EXERCISE BRIEF – Every entry is to be returned as it stands, apart from the pictures.

DATA UNDER STUDY Block Start

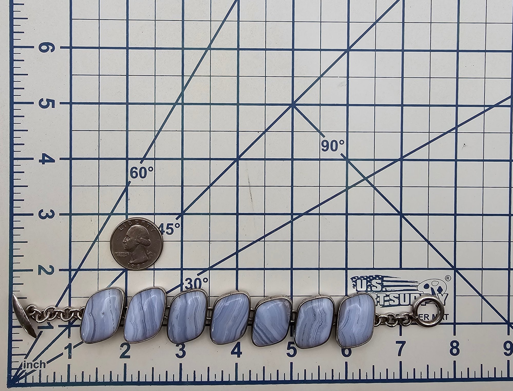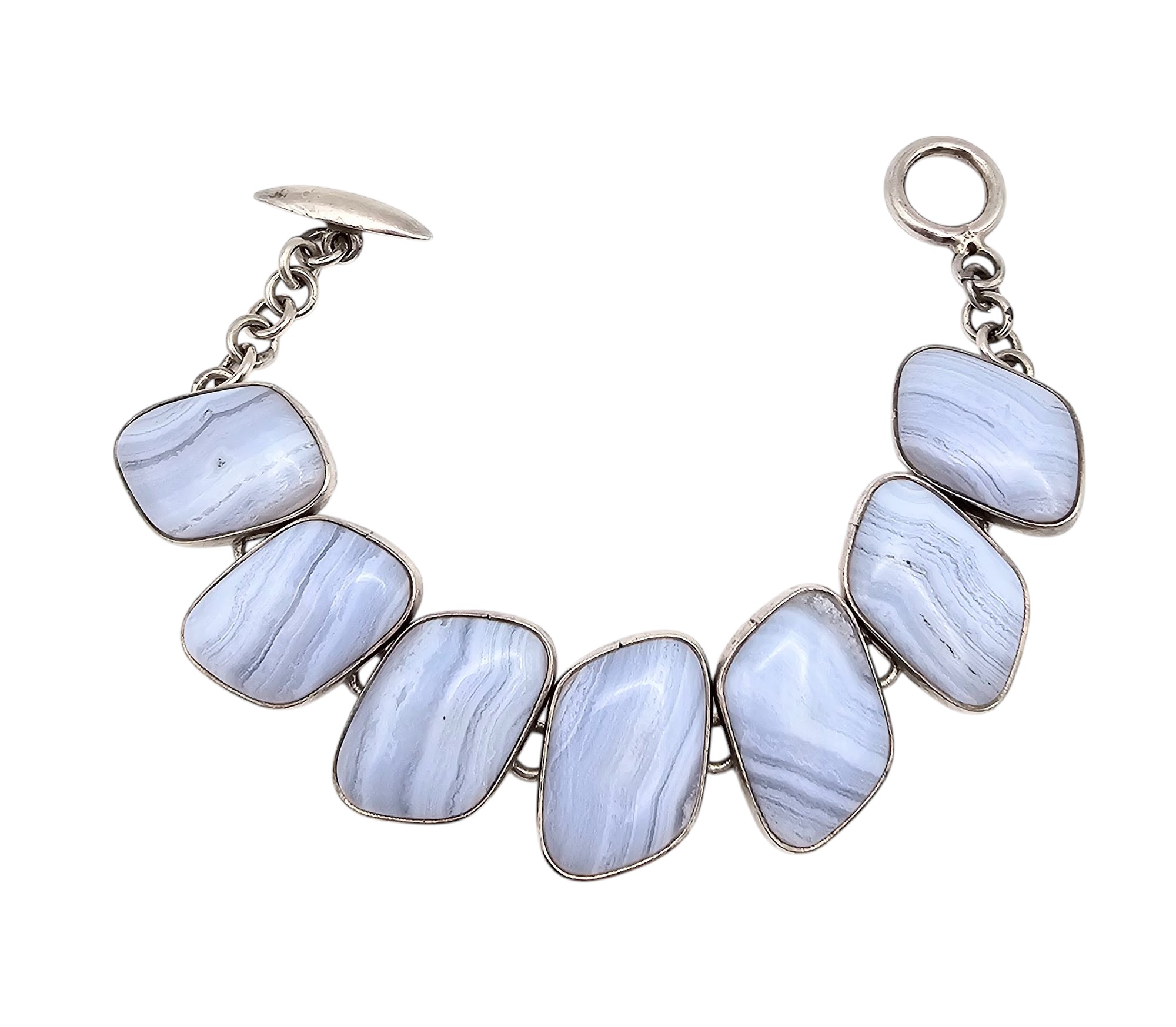 Citlal Mexico Blue Lace Agate Sterling Silver Toggle Bracelet 57.1 G
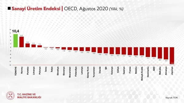 Bakan Albayrak, Twitter hesabından yaptığı açıklamada, "OECD'de 1, dünyada 2'nciyiz. Ağustosta sanayi üretimi yıllık yüzde 10,4; perakende satış hacmi yüzde 5,8 artarken sektörel ciro endeksi ise yıllık yüzde 23,5 yükseldi. İhracat treninin başına üretim lokomotifini getirerek istikrar ve verimlilik vagonlarını milli ekonomi raylarına oturtuyoruz" ifadesini kullandı.
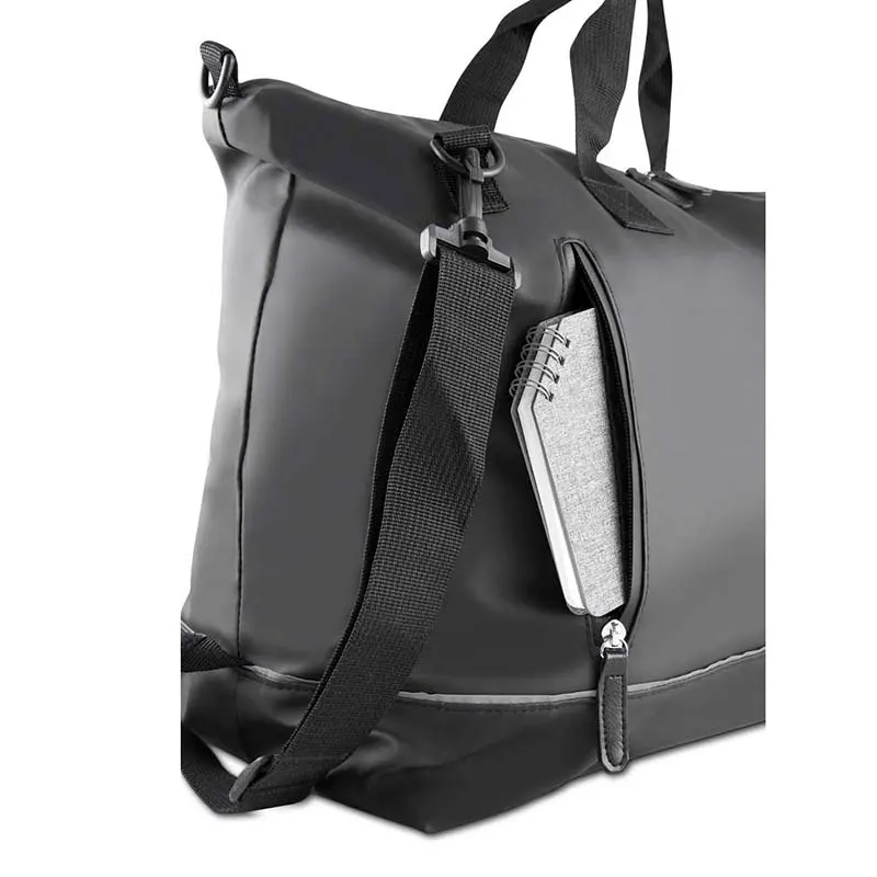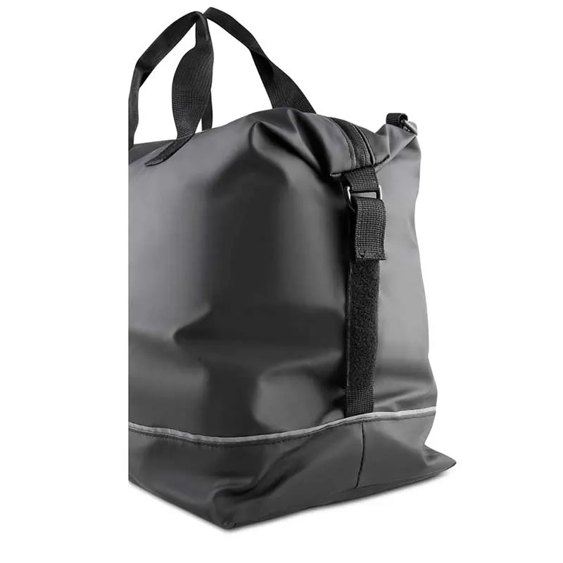 Mala esportiva em PU com revestimento interno em poliéster 210D. Possui faixa refletiva, bolso frontal com zíper, alça de mão e alça de ombro ajustável, além de dois compartimentos internos.
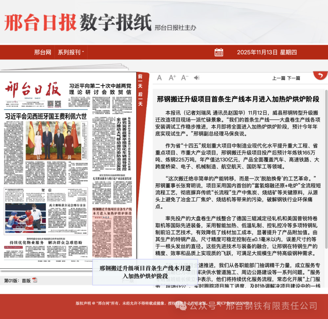 率先投產(chǎn)的大盤(pán)卷生產(chǎn)線整合了德國(guó)三輥減定徑軋機(jī)和美國(guó)普銳特卷取機(jī)等國(guó)際先進(jìn)裝備,采用智能加熱、低溫軋制、控軋控冷等多項(xiàng)特鋼軋制前沿工藝技術(shù),有效降低了線材加工成本,顯著提升了產(chǎn)品附加值。由其生產(chǎn)的特鋼產(chǎn)品,尺寸精度可穩(wěn)定控制在±0.1毫米以?xún)?nèi),誤差尺寸約等于一根頭發(fā)絲的直徑。這些先進(jìn)技術(shù)與裝備的融合,讓邢鋼在特鋼生產(chǎn)的精度、效率和品質(zhì)上實(shí)現(xiàn)質(zhì)的飛躍,可滿足大規(guī)模生產(chǎn)特高級(jí)鋼種需求。“為了讓項(xiàng)目全速推進(jìn),我們從各職能部門(mén)抽調(diào)精干力量,成立服務(wù)專(zhuān)班,前期已為項(xiàng)目解決供水管道施工、周邊公路建設(shè)等一系列問(wèn)題。”服務(wù)專(zhuān)班值班組長(zhǎng)侯立中表示,他們將持續(xù)優(yōu)化服務(wù)流程,常態(tài)化開(kāi)展“上門(mén)服務(wù)”“現(xiàn)場(chǎng)辦公”,實(shí)時(shí)跟蹤項(xiàng)目施工進(jìn)度,及時(shí)協(xié)調(diào)解決項(xiàng)目建設(shè)中的一線難題,保障項(xiàng)目按時(shí)間節(jié)點(diǎn)高效推進(jìn),早日建成投產(chǎn)。“眼下,我們正對(duì)標(biāo)國(guó)內(nèi)首鋼智新等先進(jìn)企業(yè),瞄準(zhǔn)高強(qiáng)度耐熱鋼等八大系列的高精尖產(chǎn)品,加大科技研發(fā)投入力度,全面提升產(chǎn)品附加值,實(shí)現(xiàn)高端化、綠色化、智能化升級(jí),為我國(guó)高端裝備制造業(yè)提供關(guān)鍵材料支撐。”馬保良說(shuō)。
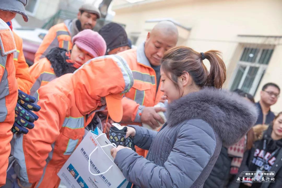 新疆云景网络科技有限公司负责人 张德瑞表示 环卫工人为了城市发展默默无闻地辛勤劳动,为生活环境的改善做出了无私奉献,我们应该给他们更多的关爱和温暖。云景科技在发展过程中一直不忘投身公益事业,我们会坚持回报社会,做一家有良心、有担当、正能量的企业。在为经济发展做出贡献的同时,也要为社会文明进步发展贡献出属于自己的力量。我们呼吁所有的市民都养成良好的卫生习惯,维护城市环境,尊重环卫工人的劳动,建设更加美丽的新疆。 八一街道城区管理科科长孙鼎对 云景科技的捐赠表示感谢 感谢对环卫工人的关心 此次活动对工作在一线的环卫工人来说,是支持,是关爱,更是鼓舞,八一街道环卫全体将继续努力工作,以优美的城市环境回报社会! 本次活动云景科技共计对284名环卫工人进行捐赠,现场环卫工人代表都表示这次的行动很暖心,非常感谢云景科技的爱心举动。 同时我们在此呼吁,不乱丢垃圾,爱护环境,从小事做起,您一个小小的举动都可以帮助环保工人降低劳作的强度,保护环境,共建和谐美好家园。
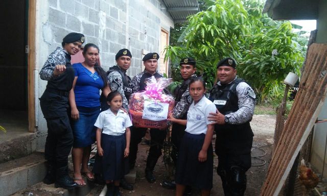 Unidades del Servicio Policial Motorizado "Linces” de Veraguas, realizaron una labor social, consistente en la entrega de una canasta de comida a la señora Juana Martínez en la Comunidad de Arenilla del distrito de Atalaya. La señora Juana es madre de tres hijos, oriunda de la comunidad de Quebrada de Agua, área comarcal y vive en condiciones precarias, no cuenta con una vivienda digna para ofrecerles a sus hijos. La Zona de Policía de Veraguas, a través de la Policía Nacional gestiona la construcción de una vivienda digna para mejorar la calidad de vida de esta humilde familia. |

DATA UNDER STUDY Block End

YOUR RESPONSE –
 Citlal Mexico Blue Lace Agate Sterling Silver Toggle Bracelet 57.1 G
 Bakan Albayrak, Twitter hesabından yaptığı açıklamada, "OECD'de 1, dünyada 2'nciyiz. Ağustosta sanayi üretimi yıllık yüzde 10,4; perakende satış hacmi yüzde 5,8 artarken sektörel ciro endeksi ise yıllık yüzde 23,5 yükseldi. İhracat treninin başına üretim lokomotifini getirerek istikrar ve verimlilik vagonlarını milli ekonomi raylarına oturtuyoruz" ifadesini kullandı.
 Mala esportiva em PU com revestimento interno em poliéster 210D. Possui faixa refletiva, bolso frontal com zíper, alça de mão e alça de ombro ajustável, além de dois compartimentos internos.
 率先投產(chǎn)的大盤(pán)卷生產(chǎn)線整合了德國(guó)三輥減定徑軋機(jī)和美國(guó)普銳特卷取機(jī)等國(guó)際先進(jìn)裝備,采用智能加熱、低溫軋制、控軋控冷等多項(xiàng)特鋼軋制前沿工藝技術(shù),有效降低了線材加工成本,顯著提升了產(chǎn)品附加值。由其生產(chǎn)的特鋼產(chǎn)品,尺寸精度可穩(wěn)定控制在±0.1毫米以?xún)?nèi),誤差尺寸約等于一根頭發(fā)絲的直徑。這些先進(jìn)技術(shù)與裝備的融合,讓邢鋼在特鋼生產(chǎn)的精度、效率和品質(zhì)上實(shí)現(xiàn)質(zhì)的飛躍,可滿足大規(guī)模生產(chǎn)特高級(jí)鋼種需求。“為了讓項(xiàng)目全速推進(jìn),我們從各職能部門(mén)抽調(diào)精干力量,成立服務(wù)專(zhuān)班,前期已為項(xiàng)目解決供水管道施工、周邊公路建設(shè)等一系列問(wèn)題。”服務(wù)專(zhuān)班值班組長(zhǎng)侯立中表示,他們將持續(xù)優(yōu)化服務(wù)流程,常態(tài)化開(kāi)展“上門(mén)服務(wù)”“現(xiàn)場(chǎng)辦公”,實(shí)時(shí)跟蹤項(xiàng)目施工進(jìn)度,及時(shí)協(xié)調(diào)解決項(xiàng)目建設(shè)中的一線難題,保障項(xiàng)目按時(shí)間節(jié)點(diǎn)高效推進(jìn),早日建成投產(chǎn)。“眼下,我們正對(duì)標(biāo)國(guó)內(nèi)首鋼智新等先進(jìn)企業(yè),瞄準(zhǔn)高強(qiáng)度耐熱鋼等八大系列的高精尖產(chǎn)品,加大科技研發(fā)投入力度,全面提升產(chǎn)品附加值,實(shí)現(xiàn)高端化、綠色化、智能化升級(jí),為我國(guó)高端裝備制造業(yè)提供關(guān)鍵材料支撐。”馬保良說(shuō)。
 新疆云景网络科技有限公司负责人 张德瑞表示 环卫工人为了城市发展默默无闻地辛勤劳动,为生活环境的改善做出了无私奉献,我们应该给他们更多的关爱和温暖。云景科技在发展过程中一直不忘投身公益事业,我们会坚持回报社会,做一家有良心、有担当、正能量的企业。在为经济发展做出贡献的同时,也要为社会文明进步发展贡献出属于自己的力量。我们呼吁所有的市民都养成良好的卫生习惯,维护城市环境,尊重环卫工人的劳动,建设更加美丽的新疆。 八一街道城区管理科科长孙鼎对 云景科技的捐赠表示感谢 感谢对环卫工人的关心 此次活动对工作在一线的环卫工人来说,是支持,是关爱,更是鼓舞,八一街道环卫全体将继续努力工作,以优美的城市环境回报社会! 本次活动云景科技共计对284名环卫工人进行捐赠,现场环卫工人代表都表示这次的行动很暖心,非常感谢云景科技的爱心举动。 同时我们在此呼吁,不乱丢垃圾,爱护环境,从小事做起,您一个小小的举动都可以帮助环保工人降低劳作的强度,保护环境,共建和谐美好家园。
 Unidades del Servicio Policial Motorizado "Linces” de Veraguas, realizaron una labor social, consistente en la entrega de una canasta de comida a la señora Juana Martínez en la Comunidad de Arenilla del distrito de Atalaya. La señora Juana es madre de tres hijos, oriunda de la comunidad de Quebrada de Agua, área comarcal y vive en condiciones precarias, no cuenta con una vivienda digna para ofrecerles a sus hijos. La Zona de Policía de Veraguas, a través de la Policía Nacional gestiona la construcción de una vivienda digna para mejorar la calidad de vida de esta humilde familia. |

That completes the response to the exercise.